Regarding the participation in the summit of the Nicaraguan president, Daniel Ortega, accused of increasing authoritarianism, O’Reilly also gave a definitive “no.”
He gave a less clear answer when asked if representatives of the Cuban regime would attend, saying that the White House was in charge of the invitations but that none had been sent “to my knowledge.”
President Joe Biden wants the Summit of the Americas to showcase democracy in Latin America and increase cooperation on migration, a key political priority for the United States.
But several nations led by Mexico have threatened to boycott or downgrade participation if the United States does not invite every country in the hemisphere.

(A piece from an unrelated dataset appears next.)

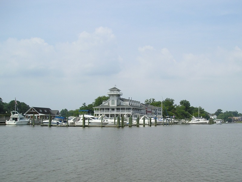 Smithfield Station hotel, restaurant, and marina viewed from the confluence of Cypress Creek and the Pagan River in Smithfield, Virginia.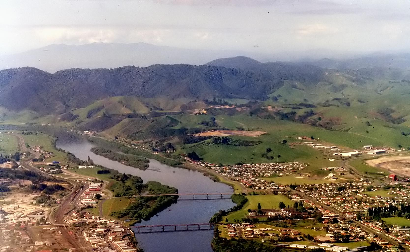 Aerial view of Huntly and the Waikato River in 1991. En route Dargaville to Paraparaumu.

O’Reilly said the administration was “constantly in dialogue” with Mexico. “Certainly we are having conversations with the government of Mexico and all the governments in the region about structuring and organization,” he said.
The Biden administration also said it plans to invite civil society groups from across Latin America.
For his part, Brazilian President Jair Bolsonaro confirmed his attendance at the summit, to be held in June in Los Angeles, where he is scheduled to have a bilateral meeting with his American counterpart, Joe Biden.
The president of the South American giant, who will seek reelection in October, had left his participation up in the air, but has finally chosen to attend the continental meeting in the Californian city, which will take place between June 6 and 10.